At the beginning of this century, Americans believed in the world. Why wouldn’t we? The United States emerged from the Cold War as the planet’s sole economic and military superpower. We had shaped the globe’s institutions to our liking; they functioned under our captaincy. Then in 2001, our cities and people were attacked. The world displayed a month or two’s worth of empathy — since then, apathy. The organizations that anchor international rules have proven ineffective and corrupt. Nearly every American accepts this truism: the United Nations cannot prevent a nuclear 9/11. And that is what it’s all about, is it not?

Though 9/11 was nine years ago, the act fundamentally restructured the American conception of internationalism. Colloquially, we say the attacks changed everything; in actuality, more was clarified than changed. The collapse of the World Trade Center did not make obsolete the timeless instruments of statecraft. International harmony and multilateral accords are good insofar as those who participate in these pursuits continue to adhere to the rules in which they are grounded. As a foundation for peace and order, these concepts are merely sometimes necessary – but are always insufficient.

Just as a prudent lawmaker would consider the legislation of morality a futile effort, so too those involved in foreign affairs ought to remind themselves that the attempted adjudication of human behavior is bound to fail without the credible threat of force.  The liberal democracies that comprise the free world are precariously in error to assume their adversaries are as equally devoted to the perfection of man as they. The belief that all cultures are equal  — all peoples alike and with similar desires — is nothing more than collective hope-think; it is the most dangerous kind of mirror-imaging. It is a great lie.

In some quarters, the “enemy” has become an almost passé notion, where al-Qaeda killers are said to be misguided or politically immature — “a friend we haven’t done enough for yet,” in the words of philosopher Lee Harris. This therapeutic, post-modern worldview is prevalent in government and academia, and it directly undermines a society’s ability to interpret reality.

No international body has prevented Kim Jong Il from sinking South Korean vessels and kidnapping Japanese girls. Amnesty International never tamed the sadistic tendencies of Uday Hussein. The United Nations bureaucracy has shown no interest in stopping Vladimir Putin from poisoning people he dislikes. The promises of economic interdependence have yet to convince Mullah Omar or Dr. Zawahiri to take their theological inclinations a bit less seriously, and to discontinue their violence against innocents worldwide. Our enemies of the Islamist variety want atomic bombs. They want them for use. UN Secretary-General Ban Ki-moon does not intimidate them. Dictators are unimpressed, too.

The despot is not interested in international organizations, save for his attempts to use the cult of victimization to bend these organizations to his will. Take the Islamists’ support for the Organization of the Islamic Conference to compel the UN Human Rights Council to make criticism or mockery of Islam a crime under international law.

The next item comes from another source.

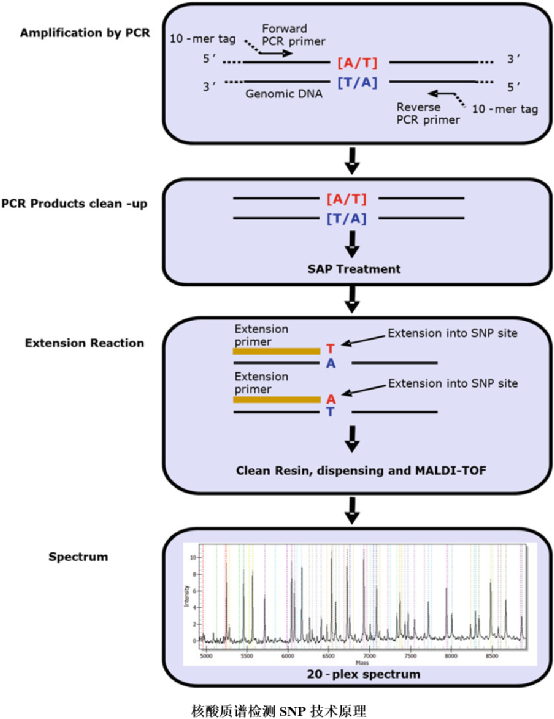 分子诊断技术是指以DNA和RNA为诊断材料,用分子生物学技术通过检测基因的存在、缺陷或表达异常,从而对人体状态和疾病作出诊断的技术。其基本原理是检测DNA或RNA的结构是否变化、量的多少及表达功能是否异常,以确定受检者有无基因水平的异常变化,对疾病的预防、预测、诊断、治疗和预后具有重要意义。 按技术原理,可以将上市分子诊断技术大致划分为PCR技术、分子杂交、基因测序、核酸质谱、生物芯片5大类。 核酸质谱,顾名思义是一种能检测核酸的质谱,它是基于MALDI-TOF MS质谱发展起来的一种相较于传统的荧光定量PCR,一代测序和二代测序,它有什么优势呢? 单核苷酸多态性 人类的好多遗传性疾病是在SNP上的,单核苷酸多态性就是单个的核苷酸序列发生了变异,引起了DNA序列发生了多样性,比例高达1%。它也是疾病易感基因和药物反应差异性的决定因素。所以通过分析SNP的变异位点,提供疾病预测,诊断和提供用药指导等。 目前荧光定量PCR适宜于检测单基因几个位点(2-8个),但是随着医学技术的深入发展,涉及到多基因多位点的疾病越来越多,这时传统荧光定量PCR的不足就会表现出来,工作量大,检测速度慢。而核酸质谱高灵敏度、分离速度快、杂质干扰少等优势,可以一网打尽(如耳聋基因,4个基因20个位点,核酸质谱可以在一个检测孔中解决)。 应用:药物基因组检测、肿瘤易感基因 基因突变 基因突变检测与SNP检测原理相同,区别在于基因突变检测存在的是突变型(发生突变后的样子)和野生型(原来的样子),这一点与SNP的纯合型(比如显性纯合)和杂合型(杂合子)有所区别。图谱峰的面积与样品中分子量所代表的核酸片段含量成正比,故可以通过突变型/野生型的比值确定突变点的比例,可检测到0.5%以上的突变比例,与金标准验证技术符合度>95%。 应用:肿瘤突变(EGFR突变),耳聋基因筛查,地中海型贫血、代谢综合 征、冠状动脉疾病等 DNA甲基化 人类基因组中含有3-5%的胞嘧啶,会在DNA甲基化转移酶的作用下与甲基基团CpG二苷酸的C’5位上,形成一个CpG岛(300-3000bp),这个CpG岛的甲基化水平异常提高,会抑制抑癌基因转录失活或者一些原癌基因被激活。另外DNA甲基化还与记忆缺陷,精神分裂症、抑郁狂躁等复杂疾病有关。 相比较其他方法,核酸质谱的优势就在于可检测低至5%的甲基化水平,特异性好,灵敏度高。 应用:宫颈癌、胃癌、乳腺癌、结直肠癌、肝癌、食道癌、垂体腺瘤等 基因拷贝数鉴定 人类的基因组会出现一段序列缺失或者增加导至序列发生变化而引起产物变化。这种表型上的差异就是拷贝数变异(CNV),CNV涉及的DNA片段大小通常介于1kbp-3Mbp之间,在基因组中分布广泛,其与临床上罕见病、单基因病相关,也与很多肿瘤等复杂病相关。因此对CNV的变异研究,能够对多种疾病并发机制形成新的认知,以更好地指导疾病的分子诊断和新治疗方法的开发。 核酸质谱可以通过SNP的多态性等位基因比例(SAR)检测技术对待检测标本中目标基因的拷贝数进行定量分析。 高通量检测结果验证 美国FDA批准核酸质谱技术作为二代测序的验证平台,以弥补一代测序仪灵敏度不足的短板。高通量测序的检测灵敏度可达1-5%,因此需要相匹配的验证平台,但是一代测序灵敏度低于15%,无法提供有效的验证,因此,核酸质谱作为两者结果差异时的验证平台。 场景一:结直肠癌KRAS基因低频突变 解密遗传变异与肿瘤发生发展关系的研究,质谱肿瘤基因突变检测分析具有成本低、高通量、高灵敏度和特异性等显著优势。 场景二:多呼吸道病毒、多亚型同时检测 巧妙的整合PCR技术的高灵敏度以及质谱技术的高精确度,开创了检测精确度高、重复性强、具有高度自动化、标准化特征的全新检测时代。可以对微生物、病毒以及其他单倍体生物方便快捷的进行分子分型、物种鉴定、变异物种发现及归类等全面分析。 场景三:高血压用药指导 检测到1%-3%突变等位基因,在个体化用药、耐药及新药筛选等临床项目中,可以尽早检出突变,帮助临床医生改善治疗方案。 目前核酸分析所使用的质谱电离技术主要还是采用 ESI 和MALDI。简单来讲,两种电离技术都是软电离,ESI 检测的特点是生物大分子带多个电荷,质荷比范围基本在2000 Da 以下区间,从而能检测几万乃至更大的生物分子;而MALDI 常得到单电荷峰,与飞行时间(TOF)分析器搭配,检测范围可以到几十万道尔顿。 由于生物样品的复杂性,质谱技术还面临着一些挑战和困难。但生物质谱技术是科学研究的有力工具,随着临床实验室对质谱的了解和应用不断的加深,未来该检测平台或可成为规范实验室不可或缺的标准装备。分子诊断技术的应用不仅深化对疾病发病机制分子生物学的基础研究,而且不断扩大了分子诊断疾病的病种,随着人类基因组计划的完成和蛋白质组计划的启动,分子诊断方法将极大地推动现代检验医学的迅速发展,并通过这些基本技术的衍生、联合产生新的分析方法,从而提高分子诊断的特异性、敏感性和准确性,为临床医学诊断和治疗提供更准确的数据和信息。 参考文献 1、中国核酸质谱应用专家共识协作组.中国核酸质谱应用专家共识[J].中华医学杂志,2018,98(12):895-900. 2、许蕴,李赟,张晓丽,徐迹,刘文兰.飞行时间质谱核酸检测技术在临床检测中的应用[J].中华检验医学杂志,2019,42(8):694-699. 免责声明:文章内容仅供参考,不构成投资建

Does this support underscore the Islamists’ respect for the UN or dedication to the rule of law?  No. For if these international bodies reject their demands — and subsequently, an unflattering cartoon lampooning their beliefs is drawn by someone, somewhere — then all bets are off. Fatwas are issued, embassies overrun, and unsuspecting good men and women killed. Such Islamist deviants are thus able to pursue the institutionalization of their deviancy, all the while operating outside the purview of international norms. It is not the mere hijacking of planes they seek, but of the apparatus of international order.

People of all philosophical persuasions ought to be able to acknowledge three unassailable truths: 1) there are dozens of international organizations comprised of hundreds of thousands of individuals who perceive a religious obligation to destroy American cities; 2) these individuals are the twisted-type; they’re sincere in their warped convictions and determined to accomplish their monstrous objective; they cannot be deterred, dissuaded, or bought off; 3) these individuals will one day ascertain the atomic means to achieve their calamitous ends — sooner rather than later, certainly within most of our lifetimes.

Martin Shubik, the Yale economist, liked to draw a curve of the number of civilians ten determined men could kill before they were killed themselves. Throughout history, the change in this number is sobering. As time goes on, fewer men have always been able to kill more people. Consequently, it is not fatalistic or paranoid to assume that we will likely one day witness ten men with ten vans or suitcases attempting to vaporize ten American metropolises. And if ten targets proved too ambitious — bin Laden called off the West Coast attacks on 9/11, after all — then five targets would suffice.  St. Louis might make the cut, but New York City would not.